Are there any arguments for protecting biodiversity other then muh feels?

Are there any arguments for protecting biodiversity other then muh feels?

Schizophrenic Conspiracy Theorist Shirt $21.68

Homeless People Are Sexy Shirt $21.68

Schizophrenic Conspiracy Theorist Shirt $21.68

  1. 1 year ago
    Anonymous

    Like everything else in reality, it's going to happen no matter what you think of it. You don't matter in the slightest, and what you think matters even less.

    no argument is necessary or useful

  2. 1 year ago
    Anonymous

    Less biodiversity = more copypasta pigeons, carp, rats, cats, dogs, wasps, mosquitoes, and jellyfish to replace everything

    Basically the most annoying animals you hate will try to fill new niches and find more ways to piss you off, and sometimes you'll just have more annoying ass pests in general instead of niche replacement.
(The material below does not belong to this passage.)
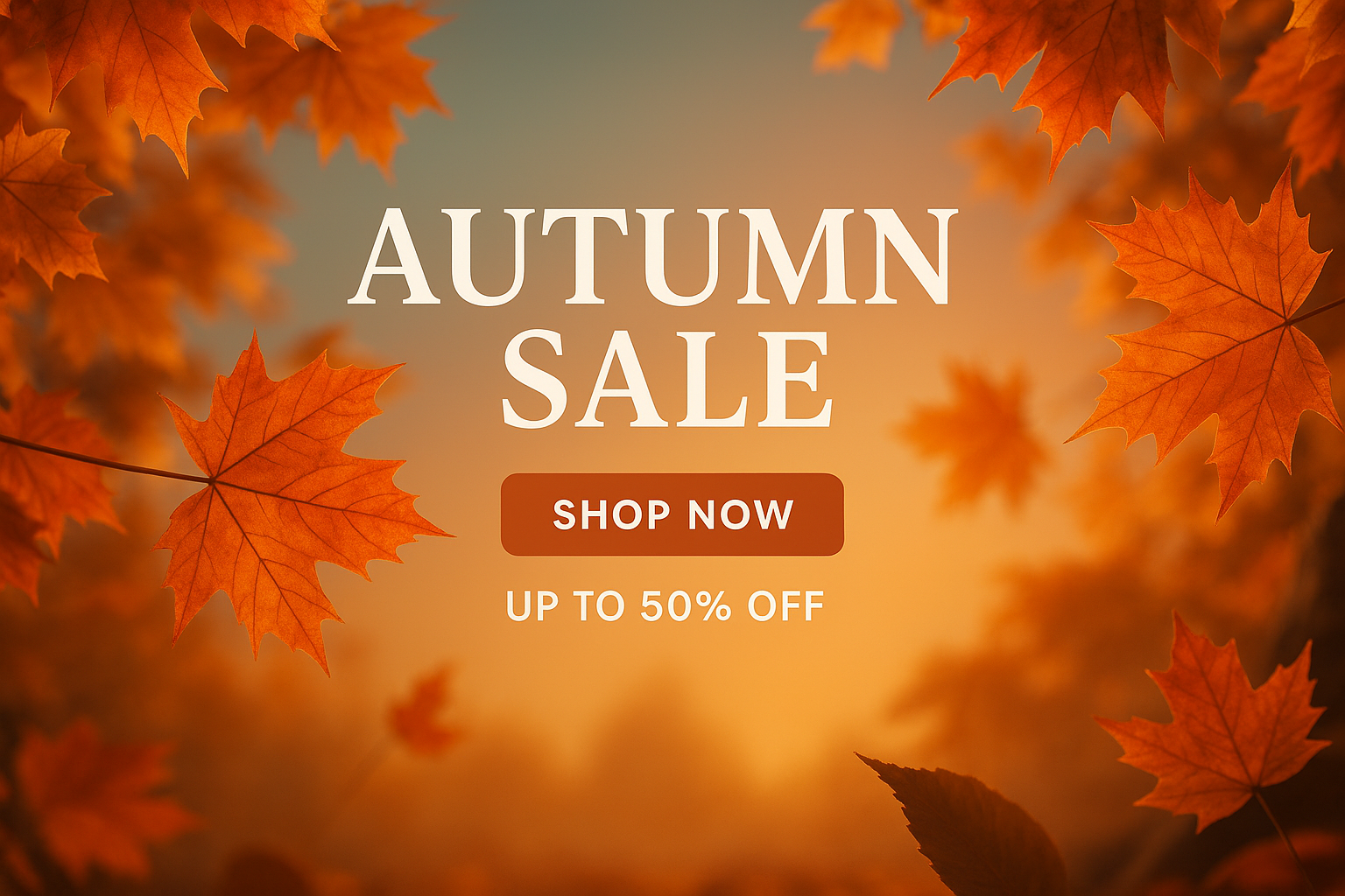 This is a promotional banner featuring autumn leaves, designed to advertise a sale. The warm color palette and inviting text create a seasonal appeal for shoppers.

    Would you really want the only fish you could order at a restaurant to be fricking CARP of all things?

    • 1 year ago
      Anonymous

      I want more dogs and cats thoughever

      Pigeons too but only if they come with seagulls and bin chickens. And regular chickens. Why not?

  3. 1 year ago
    Anonymous
  4. 1 year ago
    Anonymous

    The destruction of biodiversity can not be reversed. Thats the only argument you really need. People should consider very long and carefully before permanently deleting stuff from existence forever.

  5. 1 year ago
    Anonymous

    Do you have any reason to post here other than to bait people?

    • 1 year ago
      Anonymous

      it's a valid question considering most conservation marketing is feels-based and not logical justification for the continued survival of humanity.

      • 1 year ago
        Anonymous

        The marketing is because people are motivated by feels.
        The efforts and determinations aren't.

      • 1 year ago
        Anonymous

        >and not logical justification for the continued survival of humanity.
        Who said it was about humanity's survival?

        • 1 year ago
          Anonymous

          Are there any arguments for the continued survival of humanity other than muh feels?

          Humanity's survival is the ultimate feel. It's the feel that feels were created for. If an animal doesn't prioritize its own kin and species, it is defective.

          • 1 year ago
            Anonymous

            A clever lie told by competing genes. "We're reproductively compatible, so preserve me so I, I mean we, can spread"

            Genetic superiority is eliminating competing lines. If an animal does not kill its more distant kin so only its direct descendants will rule the earth, it is defective and such an animal will send it back into the earth eventually.

            One way you could do this is by changing the environment so you can survive but your competitors can not. ie: a less intelligent group of humans depends on nature to have agriculture, but you have extensive industry and can create spheres of artificial nature to have enough agriculture to feed your people and none of theirs. So to secure genetic superiority, you destroy nature so only you and those that earn your favor can survive.

            • 1 year ago
              Anonymous

              cyanobacteria 2.0

              FRICK other organisms, my planet now

          • 1 year ago
            Anonymous

            so your argument is muh feels.
            And you admit that you have no arguments other than muh feels.
            But somehow you decide to disregard other arguments based on muh feels.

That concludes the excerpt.